OUR VIEW: The sounds and the fury

For more than a quarter-century, large Sea King helicopters and their predecessors have been flying out of the Victoria airport

For more than a quarter-century, large Sea King helicopters and their predecessors have been flying out of the Victoria airport. Look back even further and you’ll see the airport itself was created much earlier and was a training facility for Canadian and British pilots during the Second World War.

Dollars to doughnuts that they, too, received noise complaints from their neighbours.

From all accounts, noise and its relationship with the airport and surrounding Saanich Peninsula neighbourhoods is nothing new. Everyone has had to learn to coexist as best they can and try to respect each other’s, well, airspace.

These days, the Victoria Airport Authority has a noise abatement committee that meets twice a year to discuss issues. The 443 Maritime Helicopter Squadron regularly sends a representative to discuss their training schedule and its impact on noise levels around the airfield. VAA says the military doesn’t have to show up — as they are exempt from such local policies — but praised them for doing so, as good neighbours.

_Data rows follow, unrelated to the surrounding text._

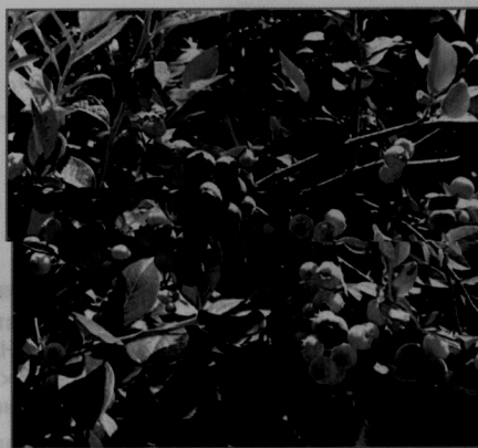
Плодоношение голубики высокорослой

В коллекционных питомниках и ботаническом саду БГСХА студенты, магистранты и аспиранты знакомятся с последними достижениями селекции, изучают методики, проводят научные исследования, необходимые для написания научных работ.
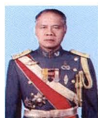
พลเอก อู๊ด เบื้องบน ที่ปรึกษาคณะกรรมการ
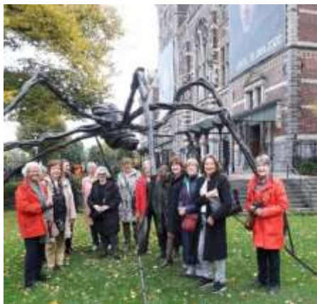
Guided tour at Rijksmuseum garden – Louise Bourgeois

Le LC d'Amsterdam est heureux d'informer toutes les Lycéennes des derniers événements de notre club, notamment, celles qui ont visité Amsterdam lors du Congrès de 2016.
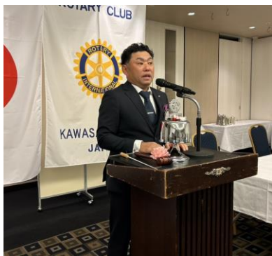
本多会長ノミニー
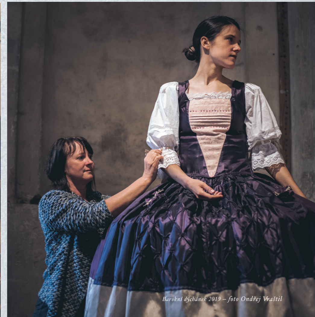
Barokní dýchánek 2019
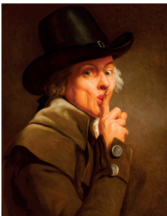
El silencio, 1790

La fisiognomía es una pseudociencia basada en la creencia de que los rasgos físicos de una persona (principalmente su rostro) están vinculados a su carácter o personalidad. Su origen se remonta a la Antigua Grecia y está vinculado a Aristóteles y la escuela peripatética. Más tarde, en el Renacimiento tardío, se recopiló toda la información existente hasta entonces y se reunió en una sola obra que establecía diferentes elementos de análisis fisiognómico, como el color de la piel, el tipo de carne, el cabello, el movimiento y la voz.
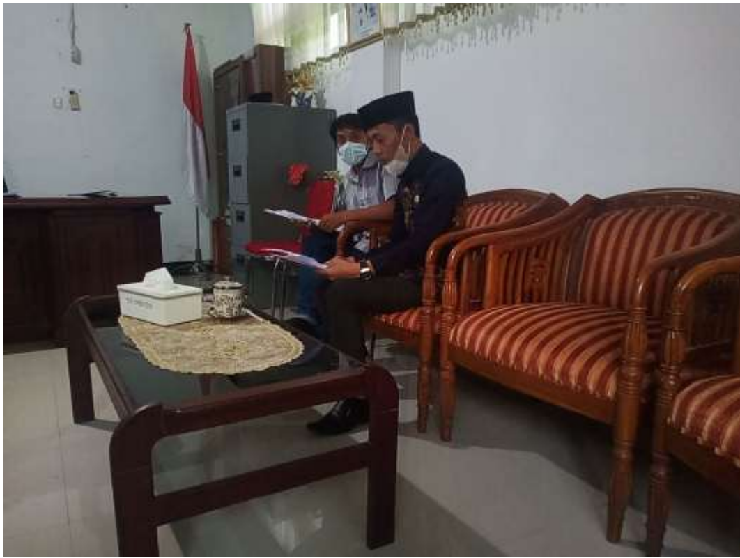
Gambar: Wawancara Dengan Ketua DPRD Kabupaten Barru
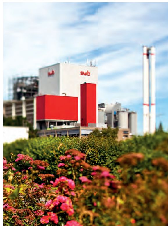
Das MHKW Bremen erzeugt Ökostrom für Geschäftskundenprodukte von swb.
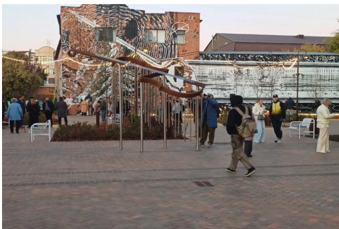
Сквер Леонида Згерского

Благодаря реализации проекта в центре Тюмени появилось еще одно интересное общественное пространство - сквер Леонида Згерского, названный в честь первого директора Тюменской филармонии. В сквере обустроены оригинальные зоны с установкой арт-объектов в виде музыкальных инструментов. Получилось уютное пространство с особой музыкальной атмосферой. В 2025 году его территорию планируют расширить за счет участка, выходящего на улицу Челюскинцев.
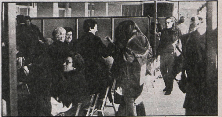
Saturación en los escasos consultorios y ambulatorios que existen en la ciudad

dencia sanitaria (hospital), que después de muchos años de lucha ya tiene luz verde. También, la esperanza de que se construya un centro comarcal de la Seguridad Social, a nivel de asistencia primaria. Para ello, el Ayunta-
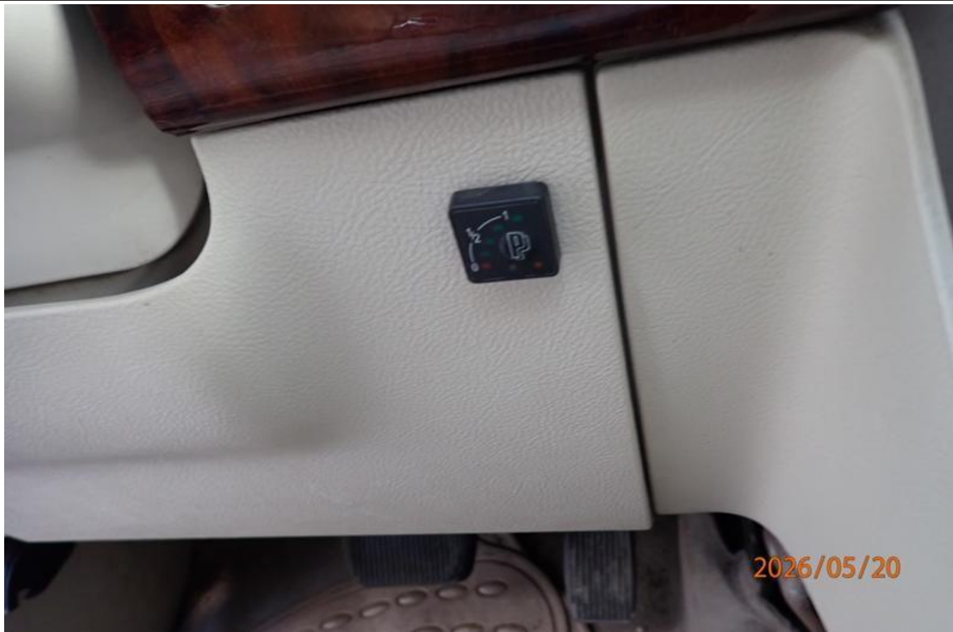
Fot. nr 175
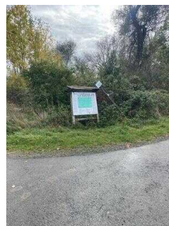
Europaradweg R1 Abschnitt Thale – Gernrode
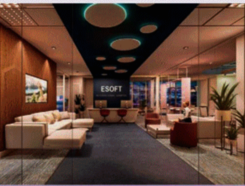
One Galle Face (Shangri-La) Business Tower இல் இவற்றின் ESOFT இன்டர்நேஷனல் கம்பஸ் வளாகம்

புத்தாக்கமான மற்றும் நவீன கல்வித் தீர்வுகளை உள்நாட்டு மற்றும் வெளிநாட்டு மாணவர்களுக்கு வழங்குவதில் முன்னோடியாகத் திகழும் ESOFT குழுவும், தனது நவீன வசதிகள் படைத்த ESOFT இன்டர்நேஷனல் கம்பஸ் (EIC) வளாகத்தை 2021 செப்டெம்பர் மாதத்தில் One Galle Face (Shangri-La) Business Tower இல் நிறுவத் திட்டமிட்டுள்ளது.

Noise from a busy transportation hub is a reality residents in Sidney and on the Peninsula in general have had to get used to (or at least adjust parts of their lives). Mayor Larry Cross has said in the past that his community and those nearby should benefit the most from having the airport in their back yards — and has used that argument to fend off other communities’ desire to get a bigger share.

In the grand scheme of things, we learn to take the bad with the good. And if the bad is the brief comings and goings of men and women training to help their neighbours, then perhaps those sounds should be put into context.

Living in urban areas brings with it a certain amount of noise pollution. In this case, the sounds from 443 Squadron should be heard as good news, not as bad.